“杜辛瑞說這裏的景色很漂亮,我想來這兒散散心,看看日出,所以就找你陪了。”
女人果然都是一本十萬個爲什麼,我們歐陽同學耐心的回答着一個又一個問題着實也是一件很不容易的事情。
“陪我走一走!”歐陽成俊唯恐她又繼續問出什麼問題來,拉起汪雨琳的手,不容她說話就帶她在海邊散起了步。
這樣霸道的歐陽成俊纔像真正的他。被他這樣不由分說的拉扯着反倒讓汪雨琳舒服起來。
說實話,對着天,對着海,大讚:好美啊!這樣的文藝風實在是與歐陽成俊很不搭調。
他的身上與生俱來的是一種讓人生畏的霸氣,無論他心情好不好,神色溫柔不溫柔,那種氣質都不可改變。
讓這樣一個人,沒事跟你談談風花雪月,聊聊大海,讚歎下美景,那該是一件多麼違和的場景。就好比看一個一身正義的警察,跟一個罪犯點頭哈腰,端茶送水一樣,看起來就會覺得彆扭。
現在歐陽成俊又是歐陽成俊了,汪雨琳才覺得一切都恢復正常了。
她現在已經不生歐陽成俊的氣了,昨天楊雅的一番話讓她仔細的對自己進行了反省,她真的不該把氣怪在歐陽成俊的身上,汪雨琳突然之間開始理解他了,他從來都沒有說過自己要娶沈睛妮,對於他這樣的人婚姻的確有時是由不得自己的。
楊雅說過的一句話不時的總會在汪雨琳的腦海裏被想起,她淡淡的告訴她:雨琳你知道嗎,他把他一直所渴望得到的,全部都不留餘地的給了你。
這句話在她的心裏曲折迂迴,轉着角的撞擊着她內心的每一處,每每想到總會覺得無盡的溫暖。
既然能得他如此的憐愛,那他不能自控的人生裏娶的那個人是誰顯得已經不是那麼的重要了。沒有回憶的結果,往往要比抱着回憶無果要淒涼的多,如果要她選擇,她寧可要他真心愛她十秒,也絕不要他無心陪她一世。
如今她冰冷的手這樣被他牽着,跟隨着他的腳步就這樣靜靜的走着,不失爲可以留在她記憶裏一個美好的片段,每一份,每一秒,她都在用力的好好珍惜着。

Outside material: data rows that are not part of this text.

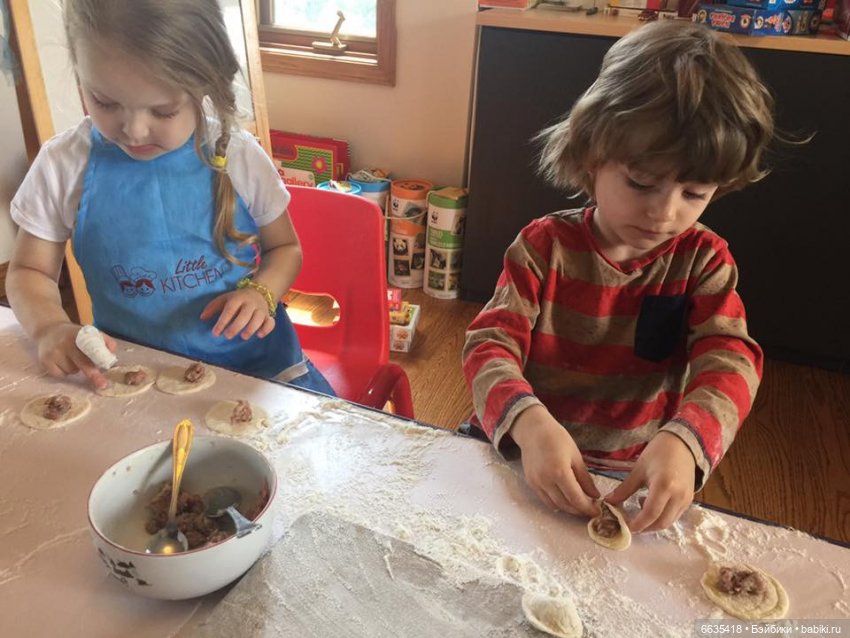 По фото, где дети лепят пельмени (оно выше) отгадай кто мой младший внук, пожалуйста.
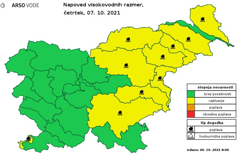 Krško, 6. oktober 2021 – Kot sporočajo z Agencije RS za okolje, bodo danes popoldan in v noči na četrtek reke v večjem delu države pričele zmerno naraščati. V četrtek se bo naraščanje rek nadaljevalo. V večjem delu države bodo reke narasle do srednjih pretokov, najbolj pa bodo narasle reke v južni, jugovzhodni in vzhodni Sloveniji, kjer bodo posamezne reke dosegle velike pretoke.
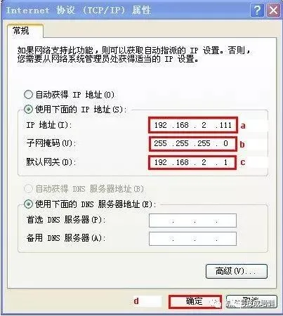 d.设置 IP地址,子网掩码和默认网关;
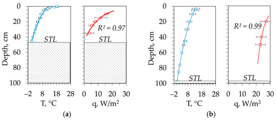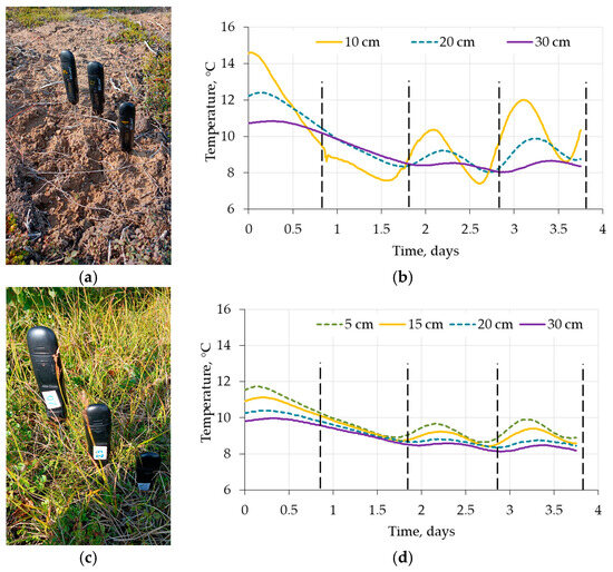 The moisture content was determined using a weight method for each of the identified soil layers. Soil temperature measurements were conducted along the soil profile using contact method. With a step of 5–10 cm, the set of temperature sensors were inserted into the soil pit wall (Figure 3a). The temperature measurements were collected at depths as low as the permafrost boundary. Another set of temperature measurements was conducted for an extended period (36 days) at four distinct depths (ranging from 0 to 30 cm) with a temporal interval of 10 min. The EClerk data logger’s sensors were vertically inserted into the soil at varying depths. The 10 min interval between temperature measurements was less than the characteristic time of the temperature field change at the depths of sensor installation (5 cm and more) and provided the necessary detail of the time series, which was subsequently used to estimate thermal diffusivity coefficients for soil layers.
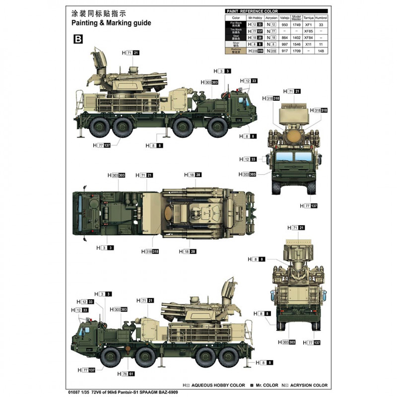 Plus de detailsModell des russischen LKW 72V6 oder 96K6 Pantsir-S1 Flugabwehrsystems BAZ-6909 1:35
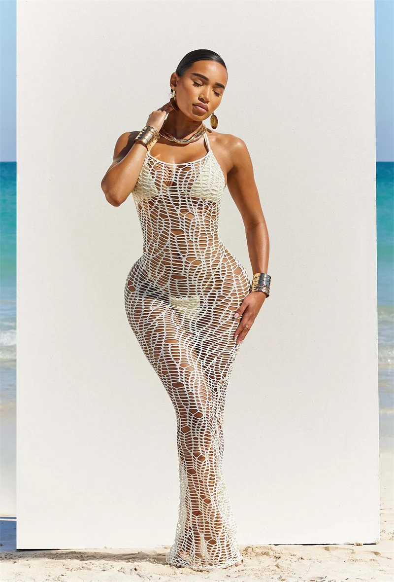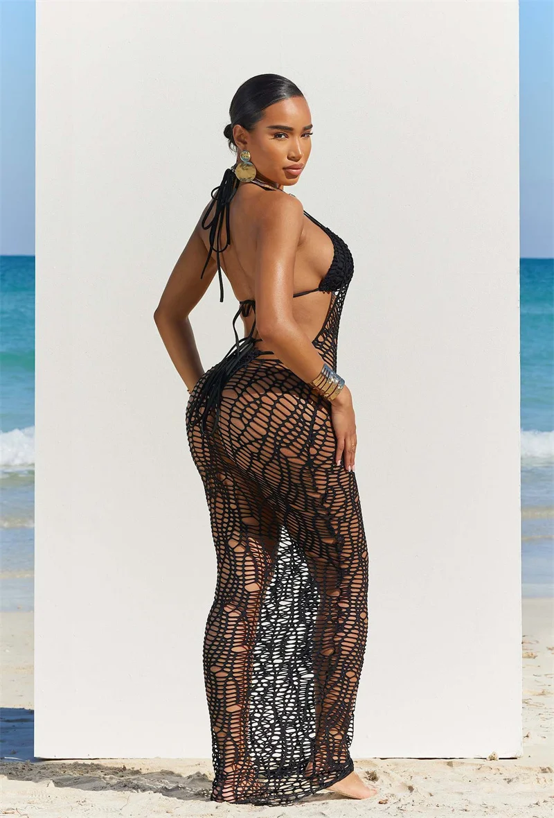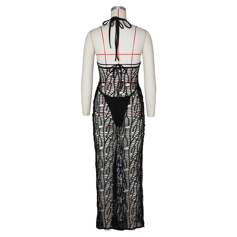 Women 3 Pieces Sexy Beach Bikini Set Backless Hollow Out Hole Knit Long Dress Cover Up+Lace Up Halter Bra Top+Underwear Swimsuit

“爲什麼不問我?”歐陽成俊突然停下腳步,那黯啞的聲音打斷了她的思緒。
“問什麼?”她也停下來,不解的問他。
他以爲給她機會,她會將昨天心裏的不滿發泄出來,她會放肆的吼他,問他結婚的事情,他一直都在等她開口,可是她卻靜靜的陪他走了那麼久依舊什麼都沒有提起。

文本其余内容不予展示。